Bruce Wade: Improving the quality of health communications

My longstanding interests in US health disparities, doctor patient interactions, and prostate cancer mortality made the 477th Salzburg Global Seminar of profound interest to me. It had a great impact on my thinking as a sociologist. The seminar enlightened me about problems with the quality of health communications and processes of decision making that may result in less than desirable health outcomes.  It also informed me about important pathways to the way forward.

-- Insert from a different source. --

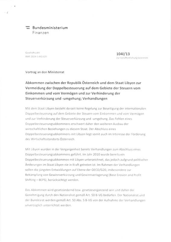 Schreiben des Bundesministers für Finanzen betreffend Vollmacht zur Aufnahme von Verhandlungen über ein Abkommen zwischen der Republik Österreich und dem Staat Libyen zur Vermeidung der Doppelbesteuerung auf dem Gebiete der Steuern vom Einkommen und vom Vermögen und zur Verhinderung der Steuerverkürzung und ‑umgehung (Anlage 6)

In 2009 there were 192,280 new prostate cancer cases in the US and 27,360 deaths; this form of cancer represents 25% of new cancer cases and 9% of cancer deaths (1).  Although prostate cancer death rates have fallen since 1990, between 2001 and 2005, the incidence of prostate cancer remained highest among African-Americans (compared to white and other men).  Mortality rates were also twice as high for black men (1).  This reality has generated considerable concern and anxiety among men in the US and around the globe.  As a result, many men make decisions that lead to considerable suffering and “potential harm” ((Gigerenzer and Gray 2011, in press) in the forms of decreased quality of life as a result of uninformed decisions regarding prostate cancer screening and treatment regimens.  The challenge is how to get more men and their doctors to engage in informed decision making.
Although I had heard about the concerns about the validity of PSA (prostate specific antigen) screening for prostate cancer, I was less aware that prostate cancer screening programs may, in some cases, be more harmful than helpful, especially for patients (with non-progressive forms of cancer) who have been persuaded that PSA screening is both benign and beneficial (Gigerenzer and Gray 2011, in press). Well intended yet misleading (or misunderstood) health communications actually contribute to health problems. Given the claims made to men of African descent about their raised risk of prostate cancer, many men who are likely to die from other causes feel pressured to make decisions that inevitably and unnecessarily affect their quality of life.  With such potentially dire consequences associated with screening (such as the possibility of false positive results and unnecessary biopsies) and surgery, men have to be empowered to make informed decisions that allow them to weigh the choices they make that are likely to affect their personal (possible incontinence) and family lives (possible impotence).  They have to know that, in many cases, watchful waiting is a viable alternative to screening and surgery.

The seminar provided insight about how to help address this very large set of issues. The work of the Foundation for Informed Medical Decision Making provided seminar participants with tools that can be used to critique and ultimately improve health communications and to provide men with information that will help them to make better health decisions about the risks and benefits associated with watchful waiting, screening, and surgery.

I am motivated to help improve health literacy, to help enhance shared communication between physicians and patients, and to promote informed and shared medical decision making.

Jemal A, Siegel  R, Ward E, Hao Y, Xu J,  Thun MJ.  2009 Cancer Statistics CA Cancer J Clin 2009;59;225-249; originally published online May 27, 2009;

Bruce H Wade is associate professor at the Department of Sociology and Anthropology, Spelman College, Atlanta, Georgia, USA.